ACP aims to address a critical financin gap at the early, risk-oriented stages of the development process. Without this support, many projects and businesses struggle to attract the necessary capital to achieve their climate-related goals. While early-stage project development represents the smallest portion of the overall funding needed for a project (approximately 5%), relatively few early-stage projects get financed due to risk. Even though 5 percent of the capital can unlock 95%, this early-stage capital is the hardest to raise for critical activities like technical and environmental assessments, modeling, permitting, and land acquisition. 

Using funds from SEDF and other philanthropic investors, ACP will anchor a number of regional funds in Southeast Asia, Africa, Latin America and the Caribbean, and India with $235m first-loss junior equity. These regional funds will in turn seek to raise an additional $600+ million in senior equity from multilateral development banks (MDBs), development finance institutions (DFIs), and private investors.

ACP has strategic partnerships with a number of leading MDBs and DFIs, including the International Finance Corporation (IFC), a member of the World Bank Group, U.S. International Development Finance Corporation (DFC), British International Investment (BII), the U.K.'s DFI and impact investor, the African Development Bank (AfDB), Proparco, a subsidiary of Agence Française de Développement Group, FMO, the Dutch Entrepreneurial Development Bank, and IDB Invest, a member of the Inter-American Development Bank Group.

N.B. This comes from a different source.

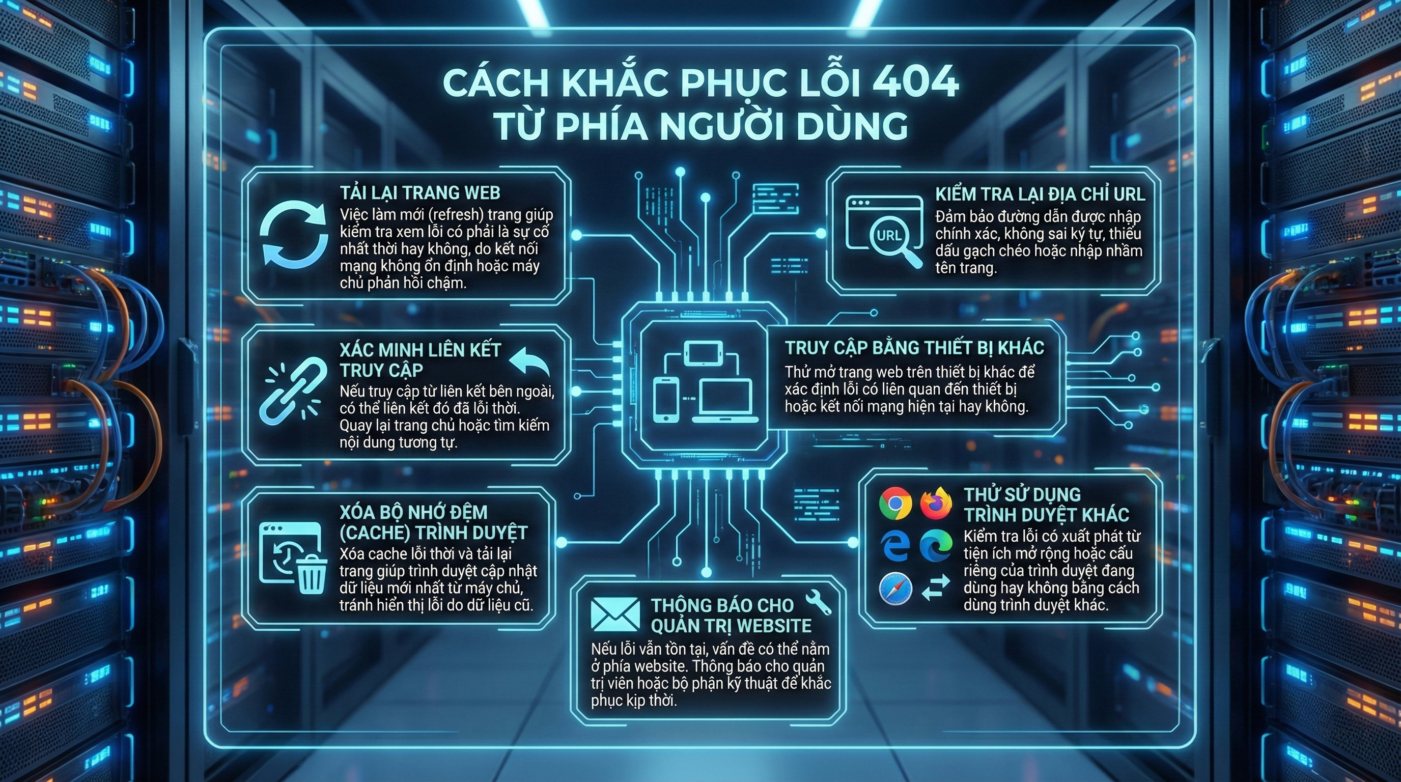 Khi truy cập website và gặp thông báo lỗi 404, không phải lúc nào nguyên nhân cũng đến từ máy chủ. Trong nhiều trường hợp, người dùng hoàn toàn có thể tự kiểm tra và xử lý nhanh chóng bằng những cách đơn giản dưới đây.

Philanthropic investments in ACP are expected to mobilize a significant level of third-party capital into regional investment managers and climate-related projects—potentially as much as $11bn in additional investment.

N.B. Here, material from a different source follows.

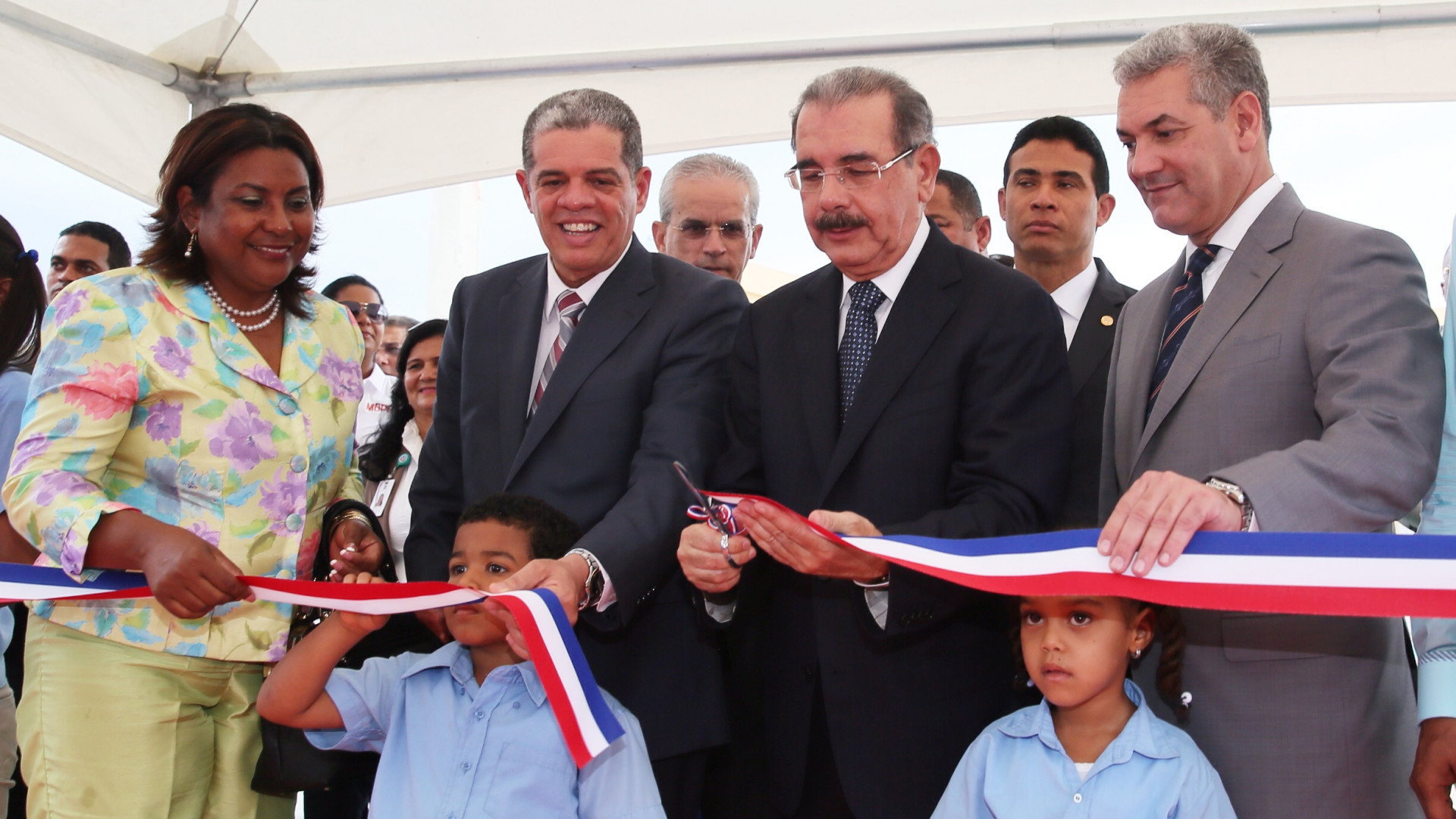 Con este corte de cinta, quedan oficialmente inaugurados los planteles escolares, por parte del Presidente Danilo Medina.

SEDF has partnered with the Three Cairns Group, Bezos Earth Fund, Sea Change Foundation International, and several other philanthropic and investment partners in making this commitment.

Georgia Levenson Keohane, CEO of the Soros Economic Development Fund, said: “This innovative SEDF investment builds on Open Society’s broader work to support the mobilization of development finance and commercial capital critical for financing a just climate transition in the Global South.”

Mark Malloch-Brown, president of the Open Society Foundations, said, “The scale of investment needed to drive climate transition and adaptation in Global South economies clearly goes far beyond the capacities of private philanthropic funding. We are excited about this model which seeks to use catalytic funding to remove barriers, and help kick start the broader systemic shifts the world urgently needs.”

“We urgently need innovative blended finance solutions that can operate at scale,” said Ahmed Saeed, CEO of Allied Climate Partners. “ACP welcomes SEDF’s commitment to join this exciting endeavor to leverage the power of philanthropic funding.”